🤖 AI Summary
Epidemiological modeling lacks a unified framework for uncertainty quantification, leading to inconsistent formalization and classification of uncertainty sources, which hinders model comparison, policy interpretation, and targeted data collection. Method: We propose a decision-theoretic framework that explicitly defines uncertainty as expected loss arising from information deficiency, distinguishes reducible from irreducible uncertainty, and unifies related concepts—from machine learning and experimental design to health economics—via the metric “expected reduction in uncertainty.” Our approach integrates information theory, active learning, and health economics, and is empirically validated using nationwide SARS-CoV-2 wastewater surveillance data from New Zealand. Contribution/Results: The framework enhances interpretability and policy relevance of uncertainty quantification, accurately measures data value in realistic scalability scenarios, and demonstrates practical utility and cross-context generalizability in infectious disease modeling.
📝 Abstract
Estimating, understanding, and communicating uncertainty is fundamental to statistical epidemiology, where model-based estimates regularly inform real-world decisions. However, sources of uncertainty are rarely formalised, and existing classifications are often defined inconsistently. This lack of structure hampers interpretation, model comparison, and targeted data collection. Connecting ideas from machine learning, information theory, experimental design, and health economics, we present a first-principles decision-theoretic framework that defines uncertainty as the expected loss incurred by making an estimate based on incomplete information, arguing that this is a highly useful and practically relevant definition for epidemiology.
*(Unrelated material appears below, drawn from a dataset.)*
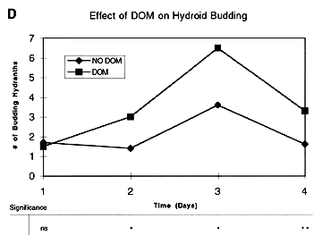 (Figure 1C), although the trend was clearly towards a divergence. A comparison of the number of budding hydranths, however, showed a statistically significant difference between treatments on days 2-4

We show how reasoning about future data leads to a notion of expected uncertainty reduction, which induces formal definitions of reducible and irreducible uncertainty. We demonstrate our approach using a case study of SARS-CoV-2 wastewater surveillance in Aotearoa New Zealand, estimating the uncertainty reduction if wastewater surveillance were expanded to the full population. We then connect our framework to relevant literature from adjacent fields, showing how it unifies and extends many of these ideas and how it allows these ideas to be applied to a wider range of models. Altogether, our framework provides a foundation for more reliable, consistent, and policy-relevant uncertainty quantification in infectious disease epidemiology.